- Born: June 28, 1894 New York City, New York, United States
- Died: January 1966 (aged 71) Miami, Florida, United States
- Occupations: Playwright, screenwriter
- Years active: 1918-1935
- Notable work: Veneer Tin Pan Alley

= Hugh Stanislaus Stange =

American dramatist

Hugh Stanislaus Stange (1894-1966) was an American playwright and screenwriter known for what was once described as a "drab realism" in melodramas and crime stories in the 1920s and 1930s. Several of his plays were adapted for the cinema.

==Early life==
Born in New York, Stange was the son of the Broadway musical theatre writer and director Stanislaus Stange. Hugh followed in his father's footsteps, creating and adapting works for the popular theatre. From 1917, he served in the army in World War I. During his military service, he helped to put on entertainments.

His first major success as a playwright was with Seventeen in 1918, which he co-wrote with Stannard Mears. The play was based on the novel by Booth Tarkington.

==1920s==
By the 1920s, Stange was increasingly interested in social realism. According to Theatre Magazine, Stange's plays at this time were influenced by the early work of Eugene O'Neill. His play Tin Pan Alley (1924) was a melodrama about infidelity among theatre folk. It was adapted in 1929 as the film New York Nights, starring Norma Talmadge, The play was updated and filmed a second time in 1984, with Corinne Wahl in the lead role.

Similar themes were explored in Veneer (1929), the story of a naive girl who falls for a man with confident veneer, but who turns out to be a worthless braggart. It has been described as a "well-written, if downbeat, slice of New York life". Joanna Roos and Henry Hull took the leading roles; Spencer Tracy replaced Hull later in the run. This was also adapted for film, as Young Bride, starring Helen Twelvetrees.

==1930s==
In 1930 he wrote and produced The Long Road, about a soldier in World War I whose wife has a child by another man while he is fighting in France. The Brooklyn Daily Eagle lamented the solemnity of the play, writing that "Mr. Stange writes with a face a yard long...The play is a rather sickening display of affected fine feeling". In the following year he collaborated with John Golden on After Tomorrow, about a young couple whose marriage is repeatedly delayed. Stange had written the original draft as a tragedy, but Golden gave it a more upbeat character. Knowing Stange's work, the reviewer in Outlook and Independent magazine suspected that before Golden had livened it up, the play would have been "terribly terribly sincere with little if any humour to lighten its drab realism". This play was also later filmed. False Dreams, Farewell (1933) was a portmanteau drama in the manner of Grand Hotel, set on board a Titanic-like cruise-liner that was destined to sink on its maiden voyage.

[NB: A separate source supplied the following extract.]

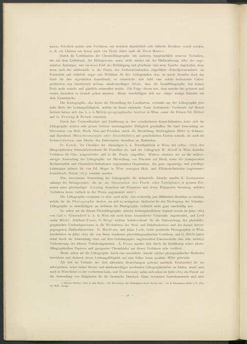 Die Kartographie, das heisst die Fierstellung der Landkarten, verdankt nur der Lithographie jene hohe Stufe der Leistungsfähigkeit, welche sie heute einnimmt. Ganz bedeutende Verdienste auf diesem Gebiete haben sich das k. u. k. Militär-geographische Institut in Wien, sowie die Firmen Ed. Hölzel und G. Freytag & Berndt erworben.

His screenplay credits included The Black Camel (1931), a Charlie Chan mystery.

Stange also wrote a number of crime-based dramas including Fogbound and Headquarters (subtitled "the dramatization of the hidden police records in a famous crime"). Mother Sings (1935) was a drama that prefigures Psycho, portraying the lurid story of a boy who grows up to be a murderer after being psychologically poisoned against women by his deranged mother.